How then do we approach the stigma of sexual health, sexuality and gender? I have learned through my work that storytelling and sharing circles are a very powerful way for Indigenous people to share their stories of misconception, pain, trauma and stigma while also reconnecting to culture. Sharing circles have potential to be healing and can take a trauma-informed approach. They are a crucial way to help Indigenous people learn and unpack the ways that we view gender and sexuality, and to help destigmatize conversations about healthy sexuality, sexual health and harm reduction. It’s through these conversations that we will begin to turn shame into resilience.

8 Steps toward Quality Care for Northern Indigenous Youth

What does good, non-stigmatized sexual healthcare look like for northern and indigenous youth? This question has become very important to me.

I have had the great privilege of discussing this question at length with youth across the Northwest Territories, the Yukon and Nunavut as a program facilitator for FOXY (Fostering Open eXpression among Youth), an arts based sexual health program that was awarded the 2014 Arctic Inspiration Prize and has taken the north by storm with its revolutionary approach to talking with youth about sexual health, sexuality, and relationships.

The following eight answers are woven from an amalgamation of candid, opened, group discussions with northern and indigenous teens.

  1. Tell them you’re glad they are there

One of the most powerful things you can do to encourage youth to access healthcare, to ensure a positive experience, and to help them spread the word to others, is to welcome them and congratulate them on taking steps to care for themselves.

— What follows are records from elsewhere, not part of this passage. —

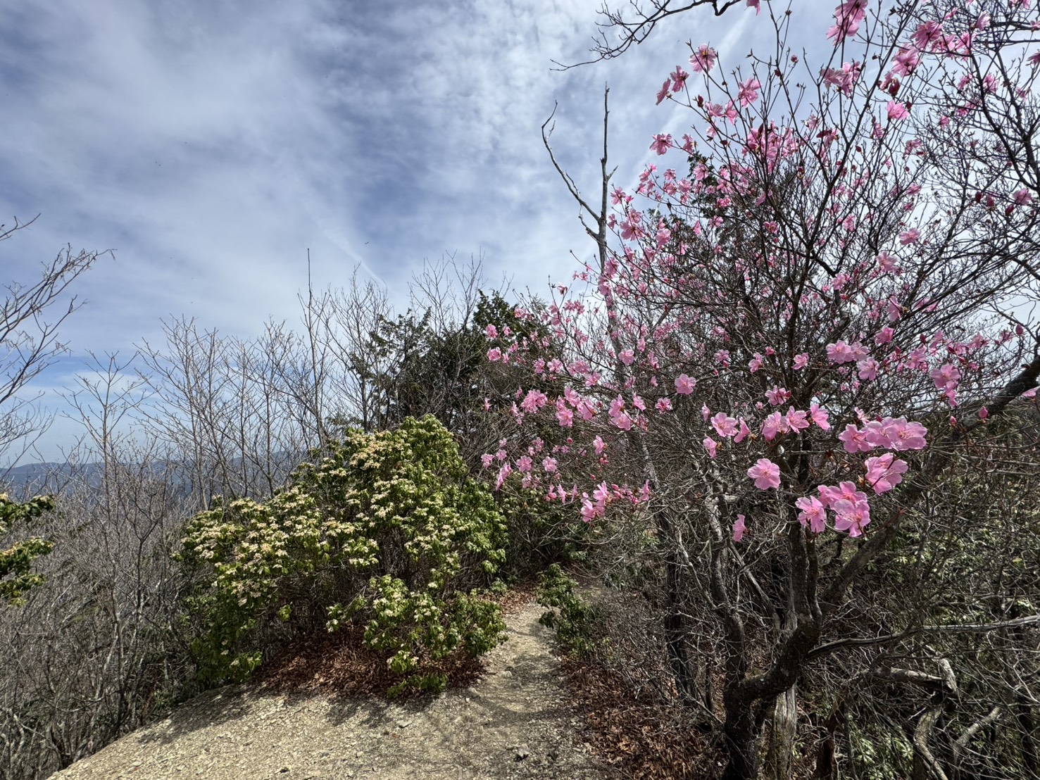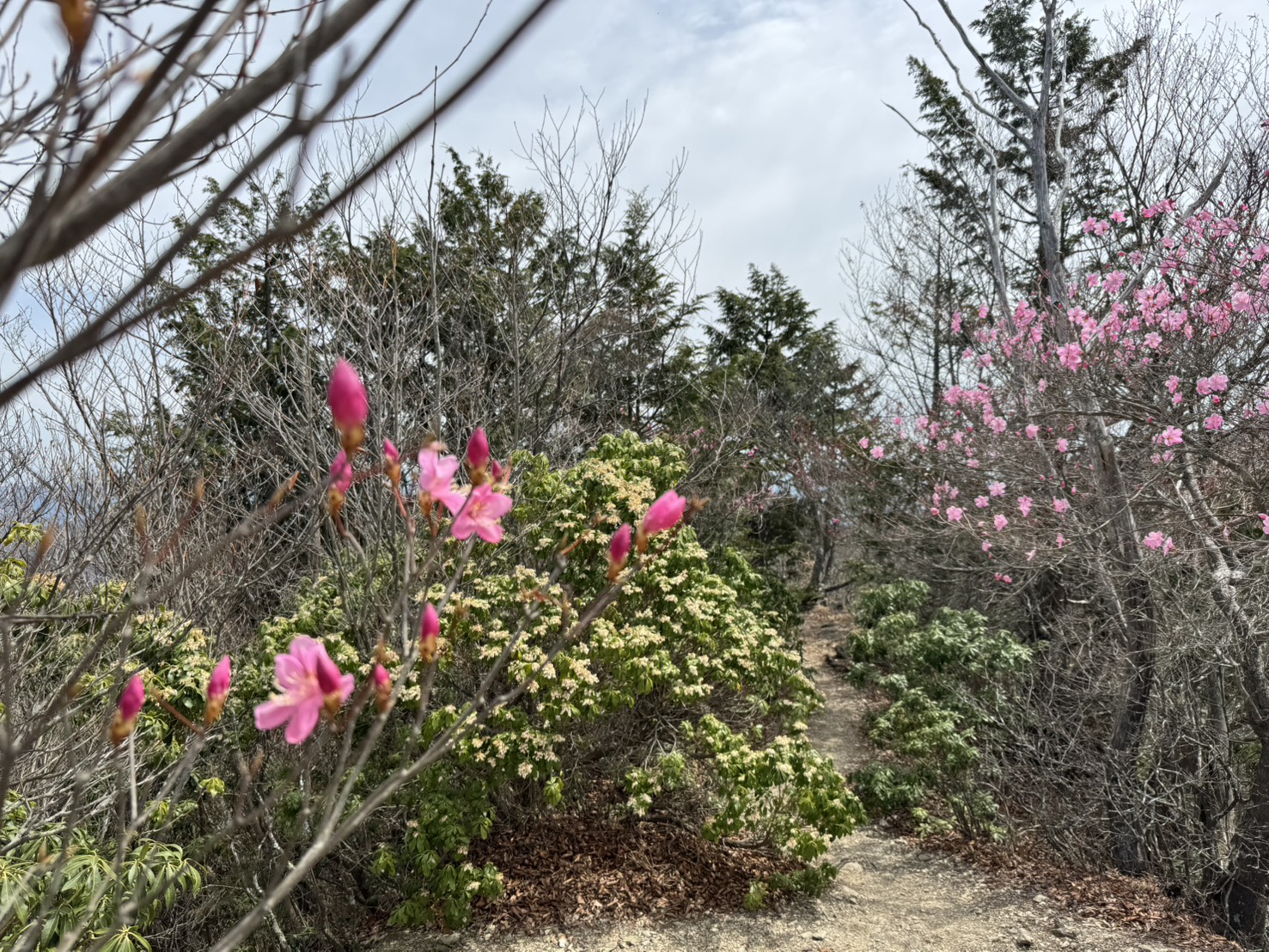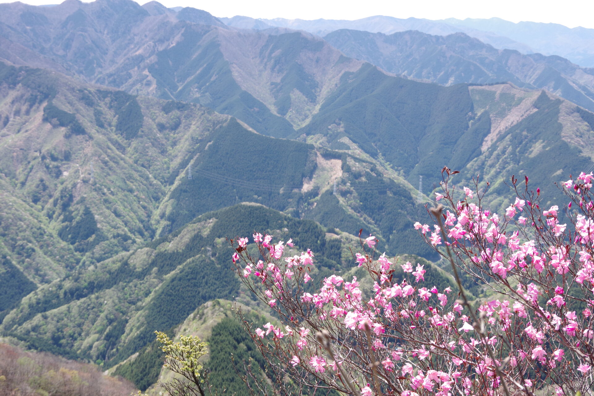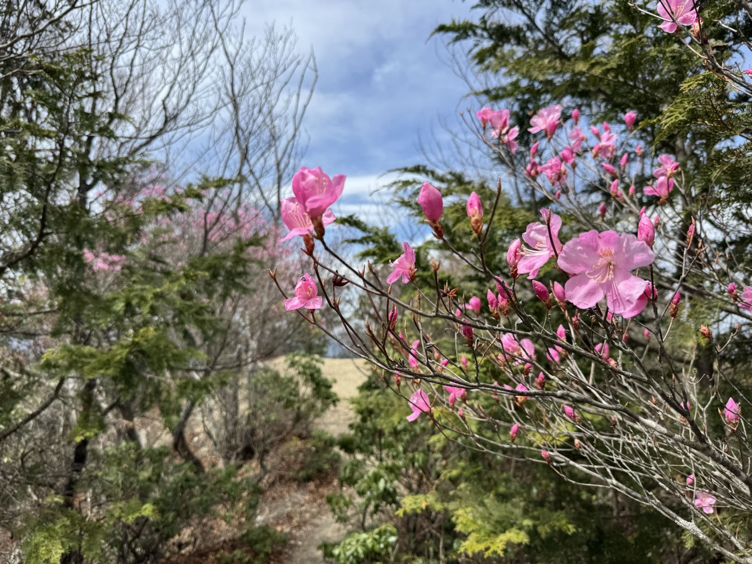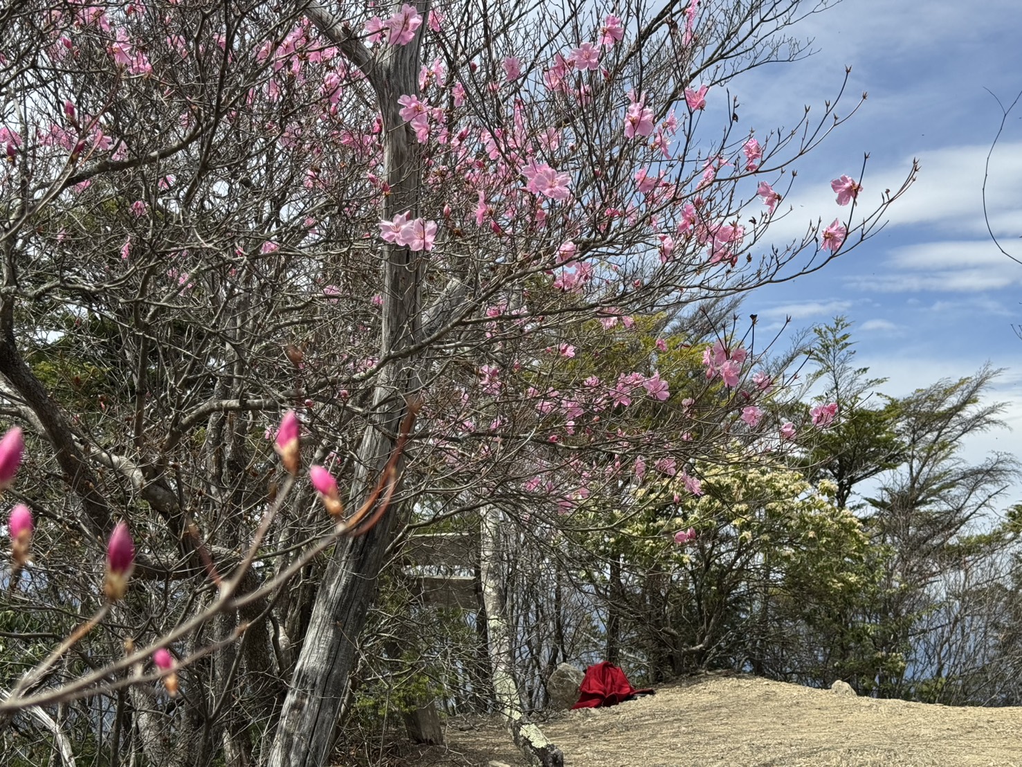 小持山山頂のアカヤシオが見ごろを迎えております。
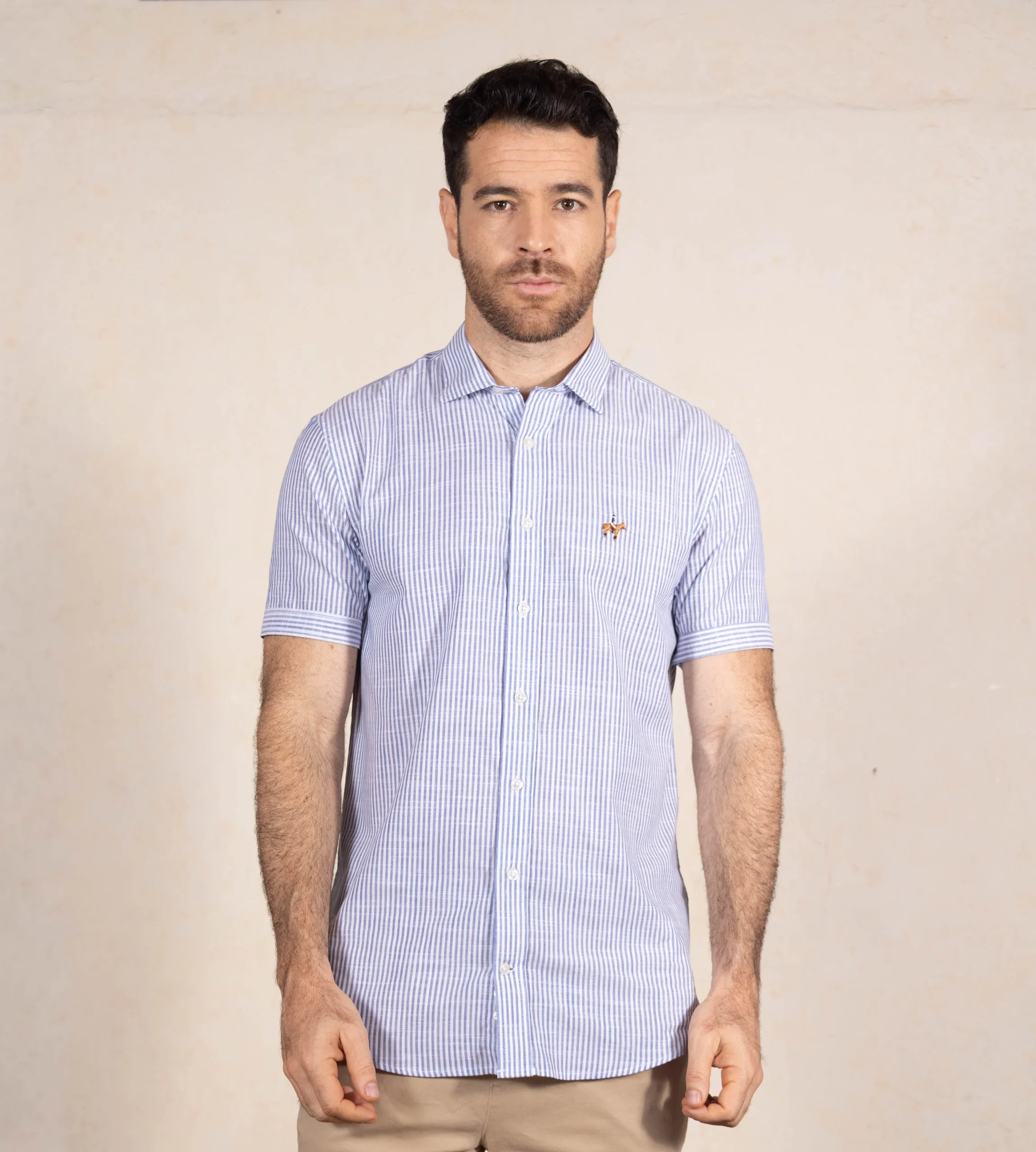 Camisa Manga Corta de Rayas Blanco Azul Ref. 105031225
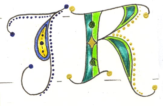 Both these letters were done with Prisma colored pencils, a touch of white in the "K" and blended with a Lyra Splender Blender. Blue dots were added to the "J" and glitter and gold dots to the "K". |
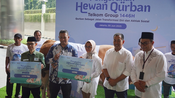 JAKARTA --- Dalam semangat berbagi qurbanmu bahagiakan sesama, pada Idul Adha tahun 1446 H ini, Lazismu kembali dipercaya oleh Telkom Grup sebagai mitra strategis dalam penyaluran hewan kurban dari PT. Telkom Indonesia, Tbk melalui Majelis Taklim Telkom Grup (MTTG).
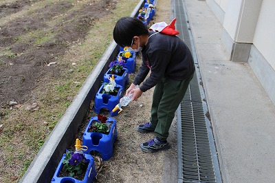 「きれいな花を咲かせてね」そんな願いを込めて、毎日1年生の子たちは水やりをしています。
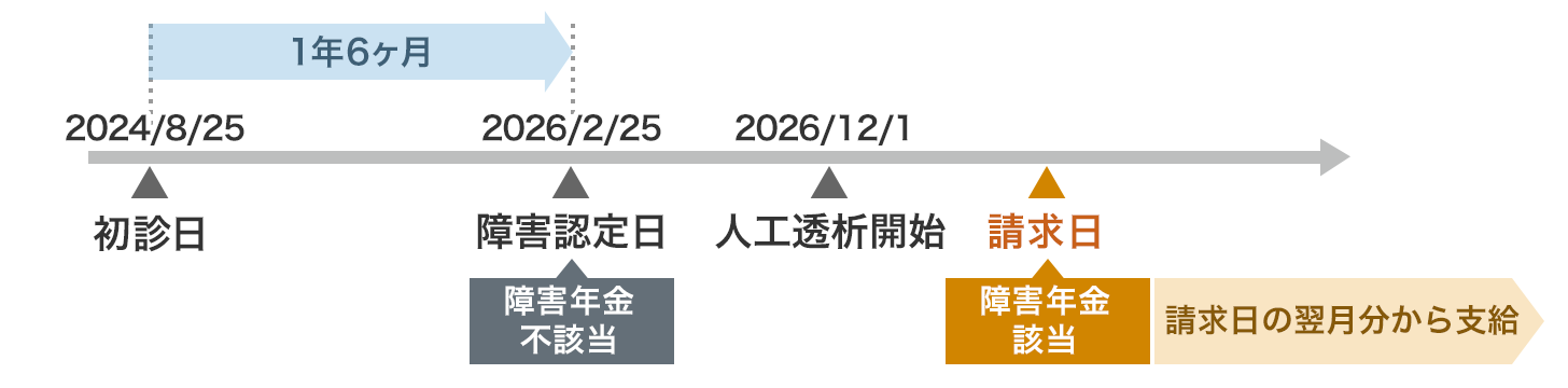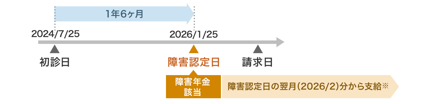 通常は「障害認定日による請求」で、障害認定日以降に障害年金を請求することをいいます。請求日からさかのぼって、障害認定日の翌月分から年金をもらうことができます。
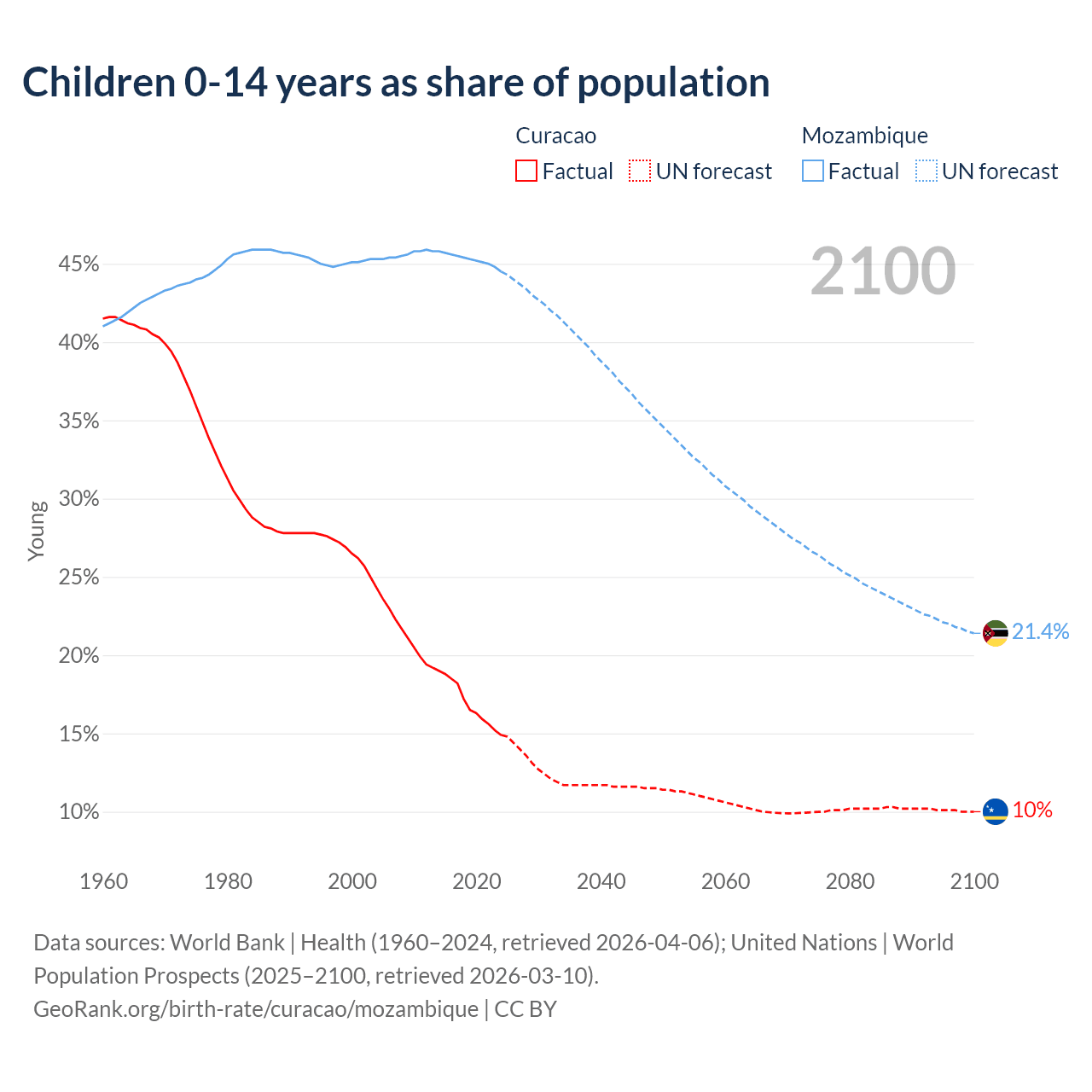 According to the latest available data on birth rates, the fertility rate in Curacao was 1.2 children per woman in 2023, compared to 4.76 in Mozambique in 2023. The replacement level is considered to be 2.1 children per woman.

For many, and especially for youth, feeling unwelcomed, or even being treated with neutrality, can be detrimentally off-putting. A warm welcome and a high five for being there really goes a long way.

  1. Confidentiality

When you live in a small town, it can help a lot to be assured that your relationship with your healthcare provider is confidential. Of course, be honest about any restrictions that apply, especially when caring for youth, but confidentiality is so important when it comes to sexual and reproductive health and reminding people that their information is safe is an excellent step to a successful visit.

  1. Be accessible

In the north, healthcare is not always accessible, so you need to be as accessible as possible. This may be the first time, or the first time in a long time that someone has chosen to or been able to access your services – be thorough.

  1. Listen

The number one beef teens have with healthcare providers is that they don’t listen! Whether we don’t think they can understand, or just think they don’t know how to make good decisions, not listening to them is a sure way to shut them down and put up a barrier that will be more difficult to overcome the next time they need to access the healthcare system. After all, they are the experts on themselves and I promise we are much more likely to underestimate them than we are to overestimate them.

  1. Honour language barriers

Recognizing that many northern indigenous youth do not speak English as a first language is important. It is equally as important to balance that knowledge with the reminder that having English as a second language does not denote intelligence or ability to comprehend a concept. People can understand if you can put things the right way.

  1. Don’t assume gender or sexuality

Heteronormativity is a major deterrent for our LGBTQ2+ youth in accessing healthcare. By not assuming a patient’s gender or sexuality you are helping to overcome stigmatization and ultimately provide superior, more thorough care.

  1. Be trauma and violence informed

There is a push in medical circles in Canada right now to become more trauma and violence informed. This can help to provide very crucial services to a wide demographic in a way that will maximize receptiveness and efficacy. There is much that can be done in recognizing violence and trauma and knowing how to shape medical visits when you are working with a patient who is dealing with such experiences.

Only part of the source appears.